No one told me what life was like with kids – I am talking REAL life…the blogs in the near future will give you insight to what I am I am referring to.
Let me explain how those two things GO together. When I gave birth…no one said to me welcome to having an audience for the rest of your life…and unlike the TV your watching, your audience is in full active participation of the show your hosting.
So, I try my hardest to always get the little humans busy so I can shower in peace. Mostly because I do not need an audience with me for this event. Without fail, they are in there within minutes. All of them. It always starts out – “hey can you draw me in the fog?” Of course, that will always come while I have soap dripping down my face. There am I am drawing on the glass with one hand and trying to keep from going blind with the other. Then the cycle continues, “hey can you sing, hey can you – ”

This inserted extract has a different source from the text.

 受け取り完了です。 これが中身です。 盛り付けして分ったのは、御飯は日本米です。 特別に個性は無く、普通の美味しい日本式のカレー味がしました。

But the real problem comes once the fog is gone. “What is that!?? Is that your belly? Why do you have that scar? Is that hair? Your Butt is”... I could get more graphic but you get the picture…

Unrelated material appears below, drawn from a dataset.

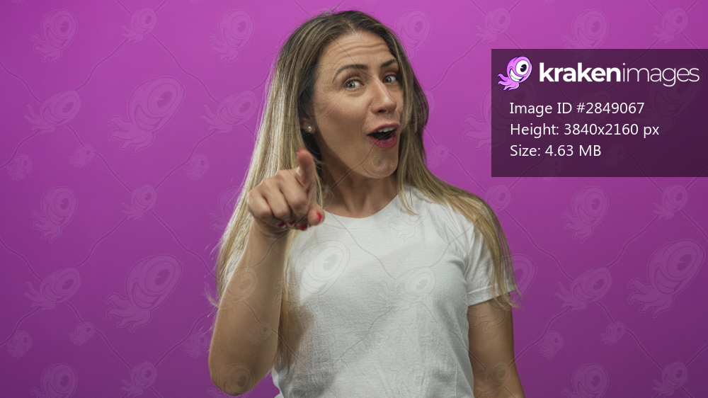 Middle age blonde woman wearing white t shirt pointing finger and giving thumbs up in pink studio; cheerful positivity.

All the while you want to scream at them – seriously? Do you know that you little – you did this to me. I used to be okay! (AND HERE IS WHERE YOUR ESTEEM CHANGES) You pause and your brain starts an all new line of thinking : I think that I used to be okay…? Wait was this what I always looked like? And if they are noticing this stuff, How bad is it? Hair is hair right? Do you think that this is what all people look like? I mean they are young and always say nice things to their moms right? WOW it must be bad. Is this what I look like from behind? Are your butt cheeks suppose to rest on the back of your knees? I hope they keep these secrets to themselves. Ugh, is there a soap for this or that?
Just when you feel like you’ve hit bottom, they start to fight and you have to get out. Thinking today – today is the day I will make an effort to be put together. But the fighting continues and you end up – putting on your “fancy” pants (other wise known as: given ups, sweats, sweat pants, yoga pants, elastic lovers, cotton cozies, call them what you will) and realize as you look in the mirror…Well it could be worse, I could have not fit into these and my face could have… no wait, I don’t and I do!
Good thing, I managed to draw a pretty good giraffe on the glass today. I am sure that is a talent worth bragging about. We won’t even go into my shower singing talents…OFF. THE.CHARTS. I am sure in the end – those are the things my kids came upstairs for, not to break me a little more each day.